緊張感の途切れる昼下がり。

とある宙学校の一年の古文の授業中に、辻原文太(つじはらぶんた)は小さなため息をついた。 昼食後のこの時間帯はいつもやる気が出ない。まあ、彼の場合、全ての授業において熱意を抱くことが無いのだが。文太の席は、黒板から最も遠い後ろに位置しており、なおかつ窓際である。 彼は視線を左に向けて外の風景をぼんやりと眺めることにした。



代わり映えの無い景色。

少しずつ気温が上がってきた六月の中旬の空は、やや曇っていた。

……傘を持ってきていないことを思い出し、余計に憂鬱な気分になってくる。



「こら、辻原! 授業に集中しろ!」



古文担当の教師が教壇の上から一喝する。



「あ、は、はい、すみません……」



クラスメイト達の口からクスクスという笑い声が聞こえてくる。

それはあまり温かい意味を持ってはいなかった。

文太にとって、それは"嘲笑"だった。

この教室内に、文太の友達はいない。

では、他のクラスにはいるのかというと、そうでもなかった。



彼は孤独だった。

顔立ちがあまり良くなく、勉強にも運動にも秀でていない。

彼には何一つ誇れるものが無かった。

加えて、人付き合いが苦手なので、自然と彼の周りには人が集まらないのだった。



苦痛でしかない授業が終わると、荷物をまとめてさっさと教室を後にする。

部活に所属しているわけではないので、放課後になれば学校にいる必要が無くなる。

彼にとってここは居心地の良い場所とは言えない。

一秒でも早く立ち去りたいというのが本音だった。



(ああ、やっと終わった……)

一日の疲れを感じながら、とぼとぼと通学路を歩く。

代わり映えしない風景を眺めていると、下校する時はいつもそうなのだが、

彼の頭が――――彼自身はそれを望んでいないにもかかわらず――――さっそく今日の出来事を反芻し始めた。

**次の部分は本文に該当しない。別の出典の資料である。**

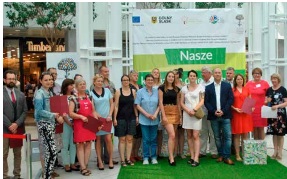
▲ Zwycięzcy konkursu Nasze Kulinarne Dziedzictwo - Smaki Regionów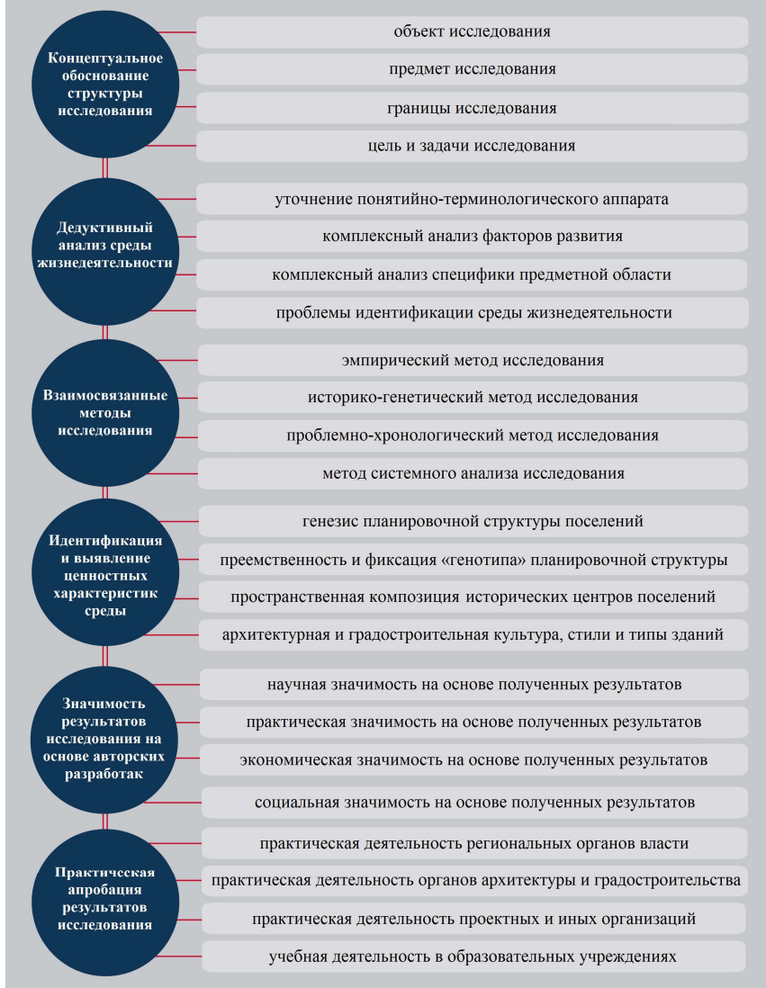
Рисунок 1 – Логико-структурная модель исследования

「ねえねえ、昨日のドラマ観た!? 主演の松原クンが超カッコ良かったよね~!」



「オレ、B組の新崎さんにコクっちゃおっかなー!」



「サッカー部の伊沢先輩って、彼女さんいるんだってぇ。マジショックぅ~」



過去の時間から聞こえてくるのは、クラスメイトの話し声だった。

誰も彼も、男女関係のことで熱心になっている。

身体が急激に成長を始める宙学生一年生の少年少女達は、そういったことに興味津々なのだ。

文太は彼らの会話を聞くのが嫌いだった。

なぜかと訊かれても、上手く答えられない。

強いて言うならば、"自分が関与できないから"かもしれないと彼は思った。